_MATERIAL FOR THIS EXERCISE_.
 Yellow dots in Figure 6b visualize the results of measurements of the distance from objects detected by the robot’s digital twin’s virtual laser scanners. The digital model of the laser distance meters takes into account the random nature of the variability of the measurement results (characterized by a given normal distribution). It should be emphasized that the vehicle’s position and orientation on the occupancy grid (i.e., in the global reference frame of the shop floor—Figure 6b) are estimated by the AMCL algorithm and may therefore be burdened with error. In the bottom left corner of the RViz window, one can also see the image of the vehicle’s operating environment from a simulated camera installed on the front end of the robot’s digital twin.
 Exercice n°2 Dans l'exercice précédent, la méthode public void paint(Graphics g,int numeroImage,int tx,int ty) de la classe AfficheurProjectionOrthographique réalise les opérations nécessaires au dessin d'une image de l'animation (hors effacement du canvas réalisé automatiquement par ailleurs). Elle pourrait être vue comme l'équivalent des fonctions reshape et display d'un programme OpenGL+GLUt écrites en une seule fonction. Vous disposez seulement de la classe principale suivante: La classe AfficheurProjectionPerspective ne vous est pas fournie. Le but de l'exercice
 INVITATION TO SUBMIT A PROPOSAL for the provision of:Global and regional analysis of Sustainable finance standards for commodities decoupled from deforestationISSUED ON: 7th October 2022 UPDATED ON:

* * *

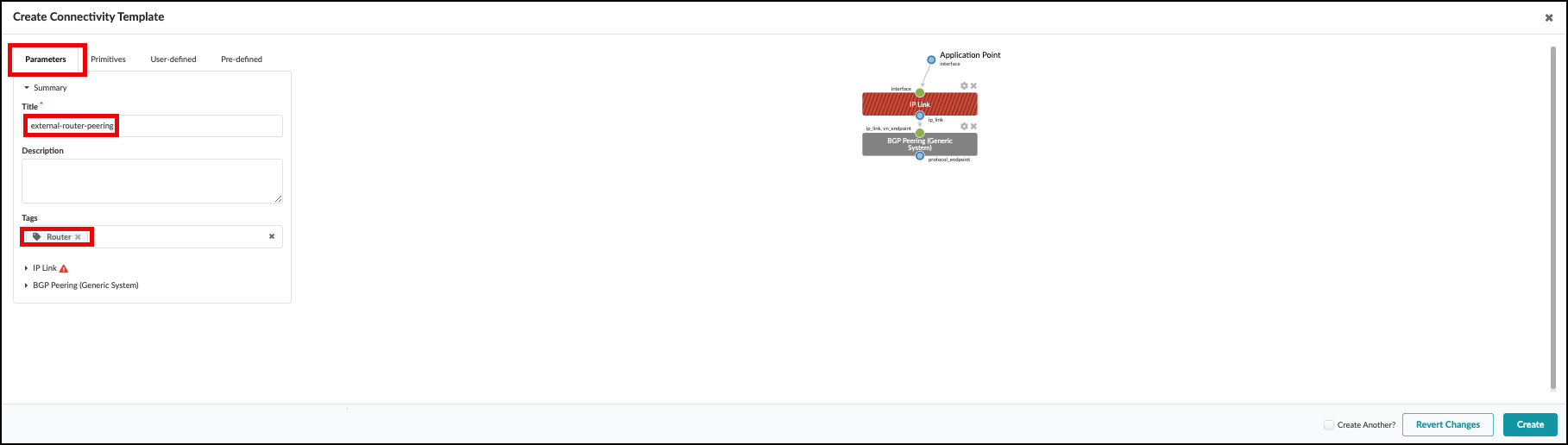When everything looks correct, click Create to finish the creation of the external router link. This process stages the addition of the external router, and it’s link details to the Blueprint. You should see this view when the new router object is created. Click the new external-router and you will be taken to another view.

---

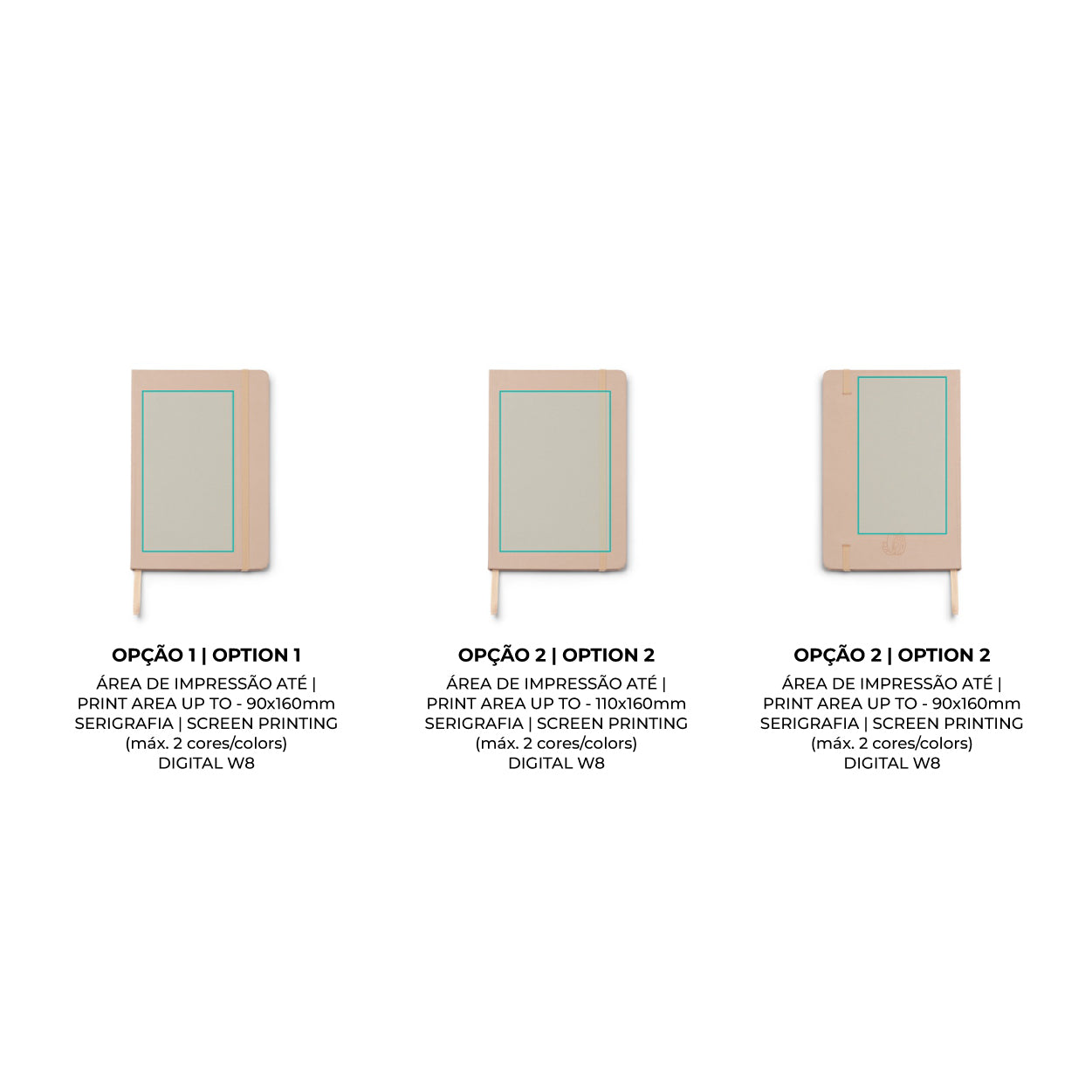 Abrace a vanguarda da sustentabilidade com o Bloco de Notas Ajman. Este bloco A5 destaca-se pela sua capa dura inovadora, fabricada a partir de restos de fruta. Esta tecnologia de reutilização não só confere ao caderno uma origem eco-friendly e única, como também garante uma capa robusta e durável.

_EXERCISE AIM_.
Go through the material above, find each line with the string "from", and copy it.

_EXERCISE ANSWER_.
 Yellow dots in Figure 6b visualize the results of measurements of the distance from objects detected by the robot’s digital twin’s virtual laser scanners. The digital model of the laser distance meters takes into account the random nature of the variability of the measurement results (characterized by a given normal distribution). It should be emphasized that the vehicle’s position and orientation on the occupancy grid (i.e., in the global reference frame of the shop floor—Figure 6b) are estimated by the AMCL algorithm and may therefore be burdened with error. In the bottom left corner of the RViz window, one can also see the image of the vehicle’s operating environment from a simulated camera installed on the front end of the robot’s digital twin.
 INVITATION TO SUBMIT A PROPOSAL for the provision of:Global and regional analysis of Sustainable finance standards for commodities decoupled from deforestationISSUED ON: 7th October 2022 UPDATED ON:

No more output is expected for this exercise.